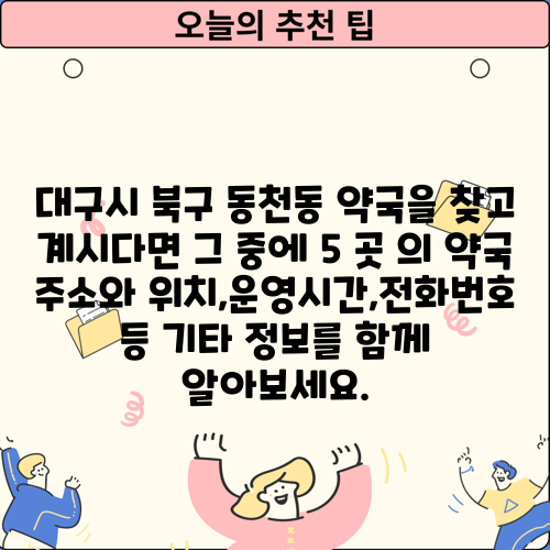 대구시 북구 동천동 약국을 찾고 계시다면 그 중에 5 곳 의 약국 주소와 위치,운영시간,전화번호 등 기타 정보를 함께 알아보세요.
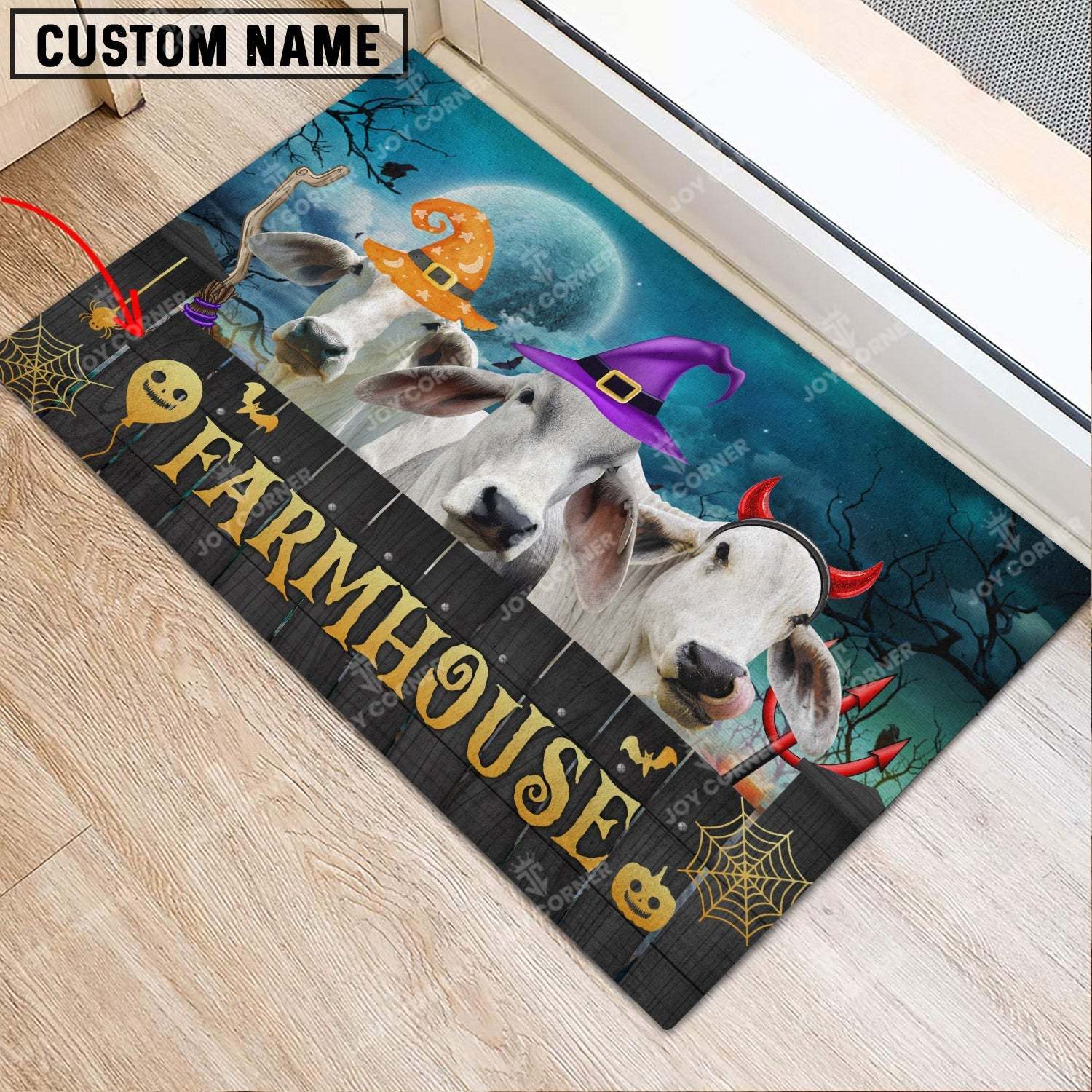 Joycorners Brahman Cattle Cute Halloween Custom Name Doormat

____

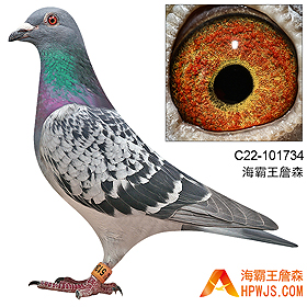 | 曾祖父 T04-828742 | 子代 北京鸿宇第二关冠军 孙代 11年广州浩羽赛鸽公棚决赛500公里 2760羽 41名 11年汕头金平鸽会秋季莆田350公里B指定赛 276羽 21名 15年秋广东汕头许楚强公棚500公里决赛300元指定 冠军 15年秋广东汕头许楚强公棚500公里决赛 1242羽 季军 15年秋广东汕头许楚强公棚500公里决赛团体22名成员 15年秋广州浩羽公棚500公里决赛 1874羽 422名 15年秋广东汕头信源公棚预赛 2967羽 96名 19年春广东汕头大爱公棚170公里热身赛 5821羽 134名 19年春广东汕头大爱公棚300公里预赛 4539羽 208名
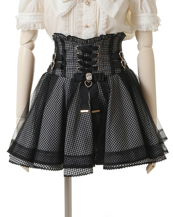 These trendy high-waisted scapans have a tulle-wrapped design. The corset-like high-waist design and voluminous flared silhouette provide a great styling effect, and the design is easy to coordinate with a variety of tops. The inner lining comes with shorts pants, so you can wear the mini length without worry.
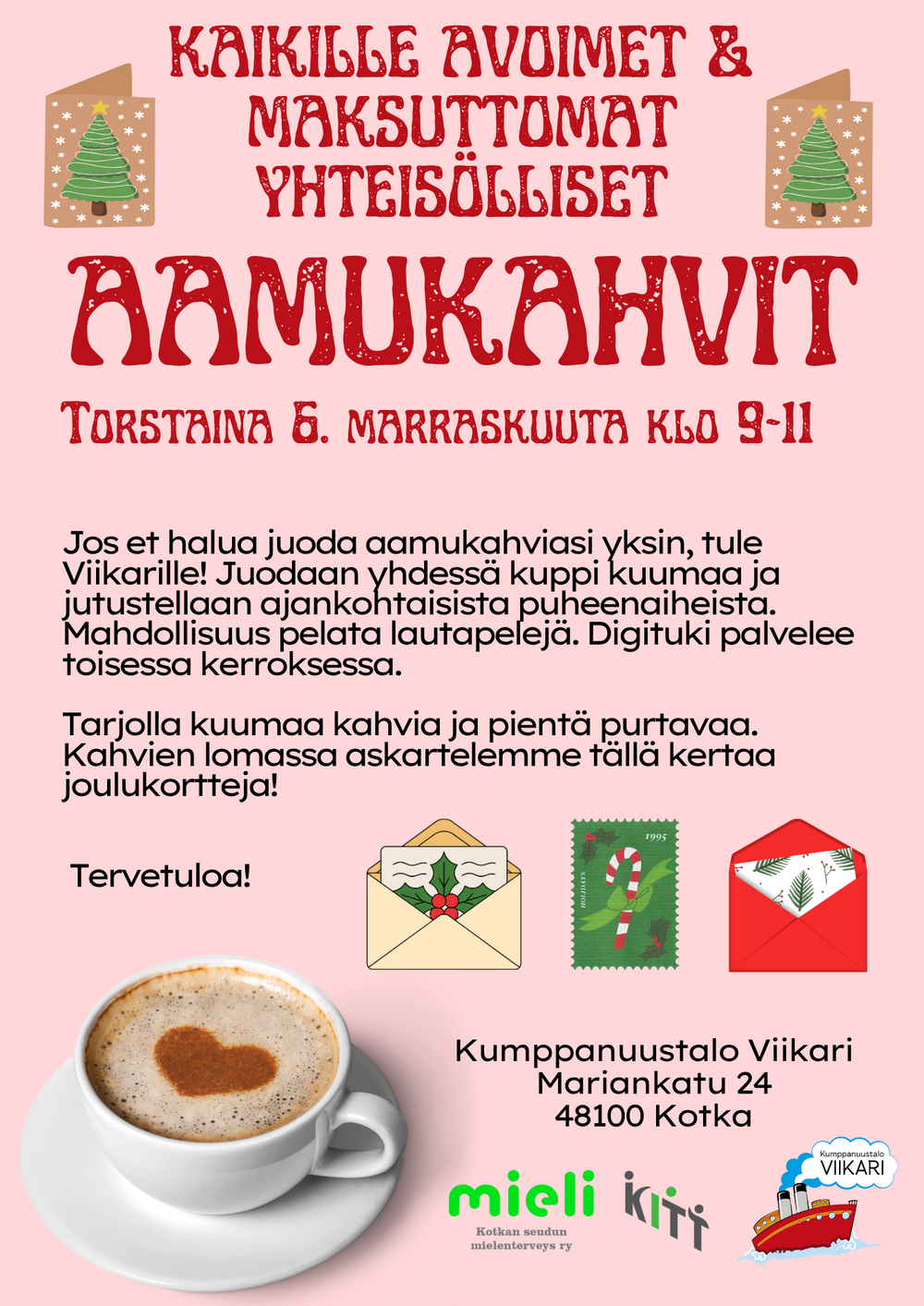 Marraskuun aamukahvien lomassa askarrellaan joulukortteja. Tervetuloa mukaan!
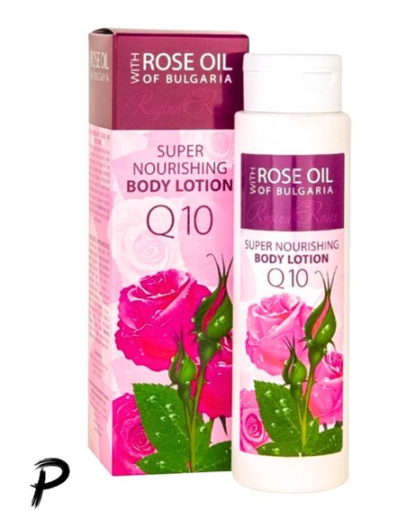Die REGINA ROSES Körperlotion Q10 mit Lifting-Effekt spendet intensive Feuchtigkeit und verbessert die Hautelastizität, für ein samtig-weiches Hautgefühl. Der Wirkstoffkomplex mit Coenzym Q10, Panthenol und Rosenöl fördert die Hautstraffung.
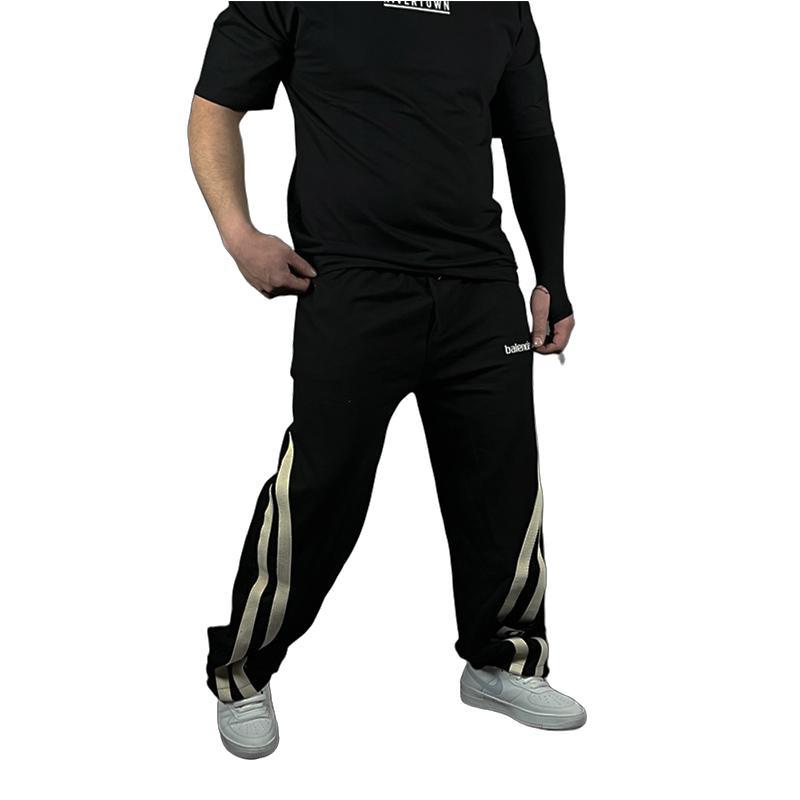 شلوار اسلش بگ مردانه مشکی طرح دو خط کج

____

Everything from the line above that contains "대구시 북구 동천동 약국을" down to the line that contains "Joycorners Brahman Cattle" must be reproduced exactly, both ends included. Omit the pictures.

 대구시 북구 동천동 약국을 찾고 계시다면 그 중에 5 곳 의 약국 주소와 위치,운영시간,전화번호 등 기타 정보를 함께 알아보세요.
 Joycorners Brahman Cattle Cute Halloween Custom Name Doormat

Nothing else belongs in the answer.